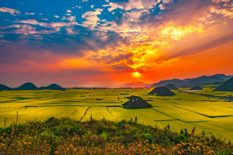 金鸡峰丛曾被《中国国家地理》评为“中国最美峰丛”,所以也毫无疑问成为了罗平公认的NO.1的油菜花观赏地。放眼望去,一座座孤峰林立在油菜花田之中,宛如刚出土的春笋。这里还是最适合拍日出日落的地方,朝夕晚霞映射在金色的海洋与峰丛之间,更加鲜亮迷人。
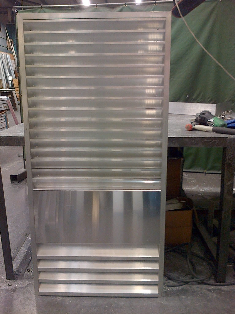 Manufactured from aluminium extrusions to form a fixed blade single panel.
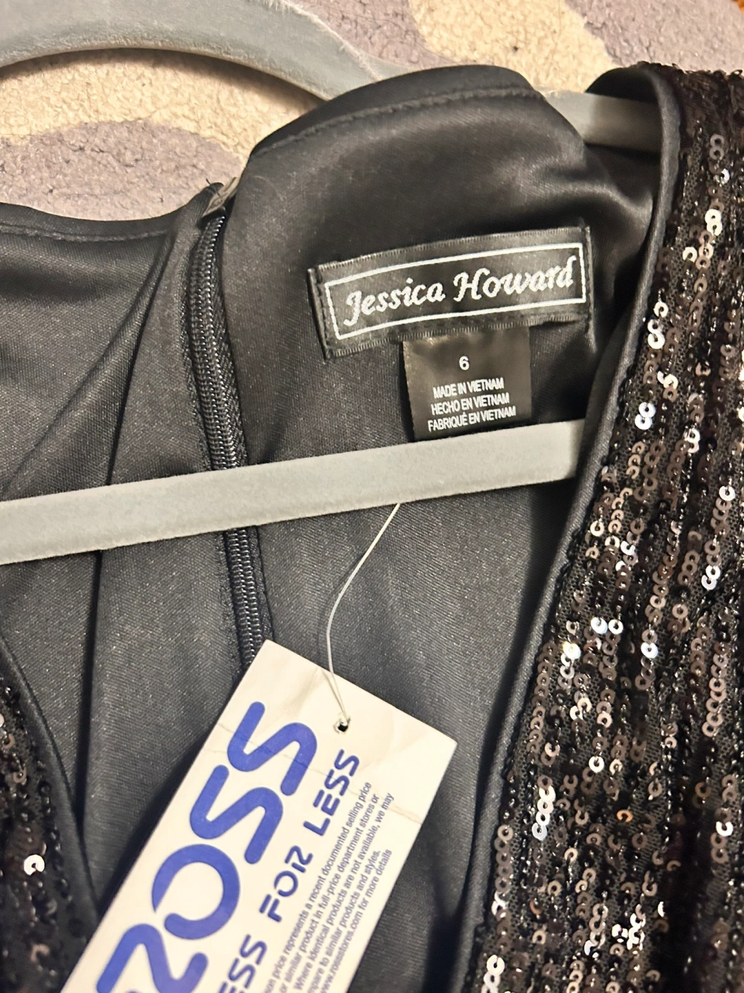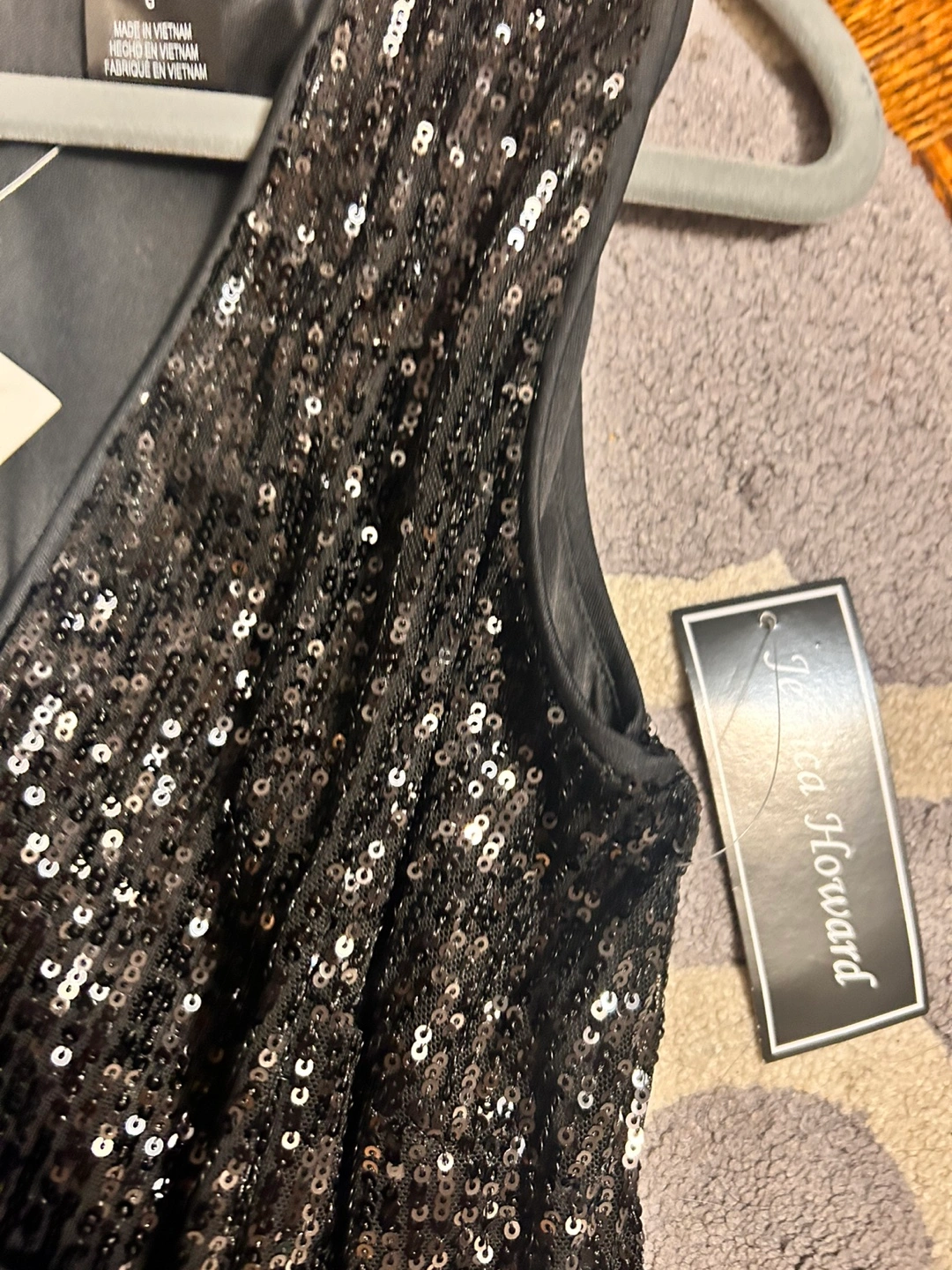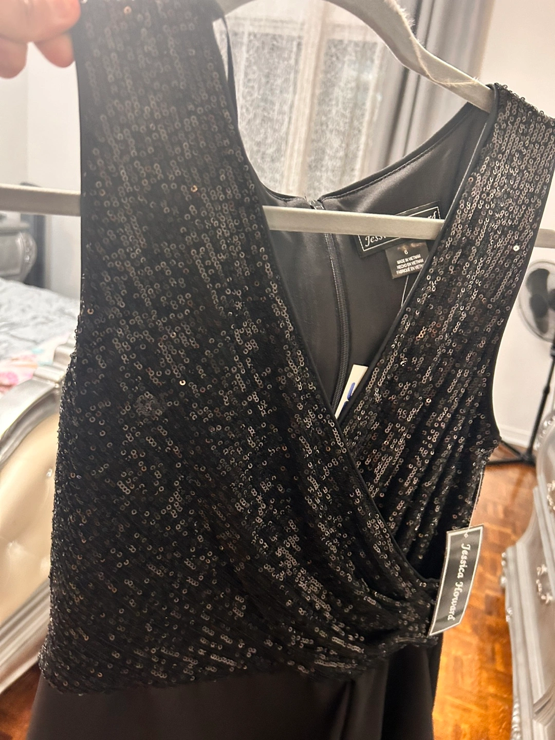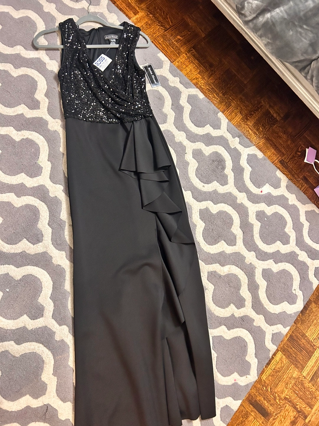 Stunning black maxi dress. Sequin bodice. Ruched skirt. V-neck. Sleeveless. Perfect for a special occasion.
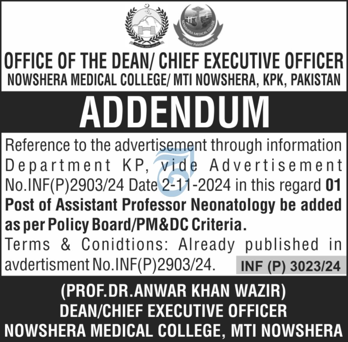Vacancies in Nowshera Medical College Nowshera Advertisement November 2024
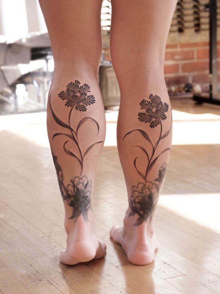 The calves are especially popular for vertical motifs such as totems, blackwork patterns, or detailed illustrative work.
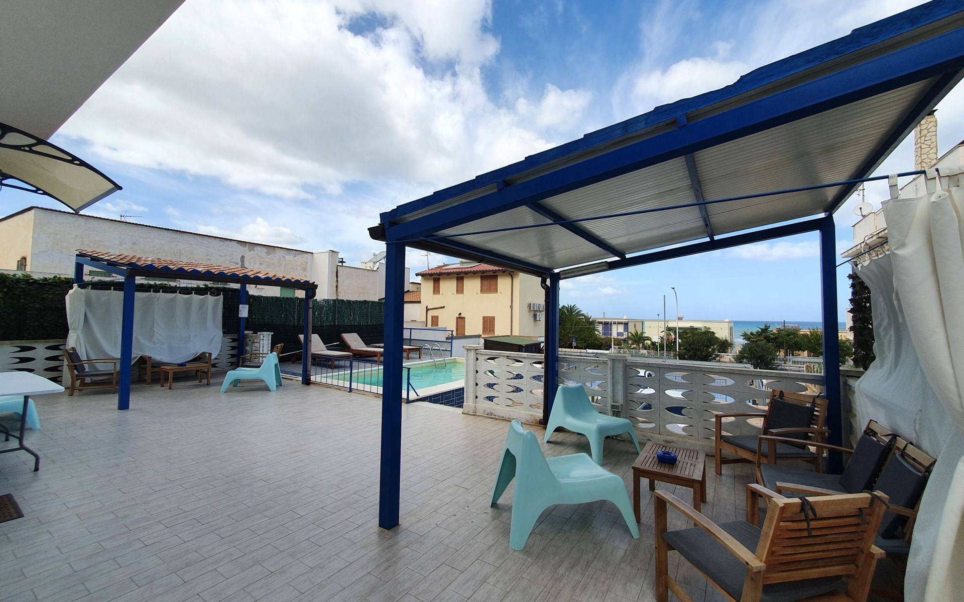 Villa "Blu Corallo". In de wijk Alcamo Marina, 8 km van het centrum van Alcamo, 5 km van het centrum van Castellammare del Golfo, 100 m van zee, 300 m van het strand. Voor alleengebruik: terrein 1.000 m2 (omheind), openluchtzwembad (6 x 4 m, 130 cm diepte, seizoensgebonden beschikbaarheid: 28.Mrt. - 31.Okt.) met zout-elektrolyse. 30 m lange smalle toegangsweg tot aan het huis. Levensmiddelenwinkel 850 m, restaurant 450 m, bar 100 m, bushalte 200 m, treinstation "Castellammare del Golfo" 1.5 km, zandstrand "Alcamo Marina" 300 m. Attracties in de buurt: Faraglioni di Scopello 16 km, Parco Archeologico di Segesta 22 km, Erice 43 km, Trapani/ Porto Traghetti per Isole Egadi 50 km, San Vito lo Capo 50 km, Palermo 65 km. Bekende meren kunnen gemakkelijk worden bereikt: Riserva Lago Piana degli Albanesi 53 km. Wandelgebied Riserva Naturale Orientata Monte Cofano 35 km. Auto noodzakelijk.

==================================================

**Activity**
Every line above goes into your copy exactly; no images go in.

**Output of the task**
 金鸡峰丛曾被《中国国家地理》评为“中国最美峰丛”,所以也毫无疑问成为了罗平公认的NO.1的油菜花观赏地。放眼望去,一座座孤峰林立在油菜花田之中,宛如刚出土的春笋。这里还是最适合拍日出日落的地方,朝夕晚霞映射在金色的海洋与峰丛之间,更加鲜亮迷人。
 Manufactured from aluminium extrusions to form a fixed blade single panel.
 Stunning black maxi dress. Sequin bodice. Ruched skirt. V-neck. Sleeveless. Perfect for a special occasion.
Vacancies in Nowshera Medical College Nowshera Advertisement November 2024
 The calves are especially popular for vertical motifs such as totems, blackwork patterns, or detailed illustrative work.
 Villa "Blu Corallo". In de wijk Alcamo Marina, 8 km van het centrum van Alcamo, 5 km van het centrum van Castellammare del Golfo, 100 m van zee, 300 m van het strand. Voor alleengebruik: terrein 1.000 m2 (omheind), openluchtzwembad (6 x 4 m, 130 cm diepte, seizoensgebonden beschikbaarheid: 28.Mrt. - 31.Okt.) met zout-elektrolyse. 30 m lange smalle toegangsweg tot aan het huis. Levensmiddelenwinkel 850 m, restaurant 450 m, bar 100 m, bushalte 200 m, treinstation "Castellammare del Golfo" 1.5 km, zandstrand "Alcamo Marina" 300 m. Attracties in de buurt: Faraglioni di Scopello 16 km, Parco Archeologico di Segesta 22 km, Erice 43 km, Trapani/ Porto Traghetti per Isole Egadi 50 km, San Vito lo Capo 50 km, Palermo 65 km. Bekende meren kunnen gemakkelijk worden bereikt: Riserva Lago Piana degli Albanesi 53 km. Wandelgebied Riserva Naturale Orientata Monte Cofano 35 km. Auto noodzakelijk.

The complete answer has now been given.